Aside from infrequent mimosas, wine is not something I drink before noon. But my love of both prosecco and brunch made Eva's invitation to a four-course Sunday brunch with wine pairings irresistible. Pinot nior and lamb hash? Don't mind if I do!

The event was the innagural collaboration between Jack's Cellars and Hudson Public House, adjacent establishments in the relatively uninviting intersection of 15th and Lake City Way. Inside, Hudson pub is warm and open, with friendly staff and a surprisingly ambitious menu.

I can't say every plate was successful -- too courses of duck is a bit odd, the basted eggs were undercooked, and the lamb hash was under-seasoned. Brunch, to me, is not a place to worry over fat or sodium content -- butter it up, and give me some salt. Overall, though, the ingredients were interesting and everything was thoughtful: breakfast food aiming for dinner caliber.

The highlight: a wine flight. Expert pairing and generous pours made restitution for any lacked luster on the plates. Glittering prosecco always makes me happy and I love a full-bodied red, so the first and fourth wines won me over before they hit my palate. We went home with the latter, a 2006 old vine zinfandel from Klinker Brick, and I'll look for the former, Fantinel NV Extra Dry Prosecco, next time I'm in need of bubbles. The first course was a basic cheese and fruit spread (decent figs), and the finale a fairly delicious, very peppery chicken sausage wrapped in a nicely-crispy crepe.


Our tablemates included another new-homeowning couple. She's the writer/photog for needle+thread, a Seattle street style blog; he's a web developer who recommended Basil Hayden. Regardless of whether one's first passion is fashion, food, or politics, I don't think I've met a Seattlite in years who's life isn't thoroughly knit with technology.

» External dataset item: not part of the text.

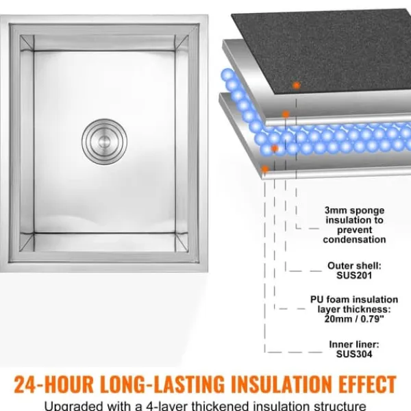 Madvenlige materialer: Hele isbeholderen er lavet af rustfrit stål (SUS304 indvendigt og SUS201 udvendigt), hvilket sikrer lang holdbarhed og rustbeskyttelse. Det fuldsvetsede indre reducerer betydeligt risikoen for lækager, så du kan have ro i sindet, mens du opbevarer is og drikkevarer.

The second and third courses brought Neyers Carneros Chardonnay and Fess Parker Pinot Noir, served with a smoked duck and shallot fritatta and a lamb hash with basted duck egg, respectively. I'm neither a chardonnay nor pinot fan, but found both of these appealing enough to finish at least a glass of each -- possibly due to being already tipsy, among good company, and having nothing more pressing at home than a nap. And, ultimately, this sense of leisure is undoubtedly the most compelling part of a Sunday brunch -- to savor the indulgent, indolent moment between work weeks. If someone wants to pour me a few glasses of wine to aid this endeavor, I will not turn down the invitation.

1 comment:

  1. I love Brian's face in this photo. It's like, "are you going to be taking photos for the blog EVERY time we eat out?"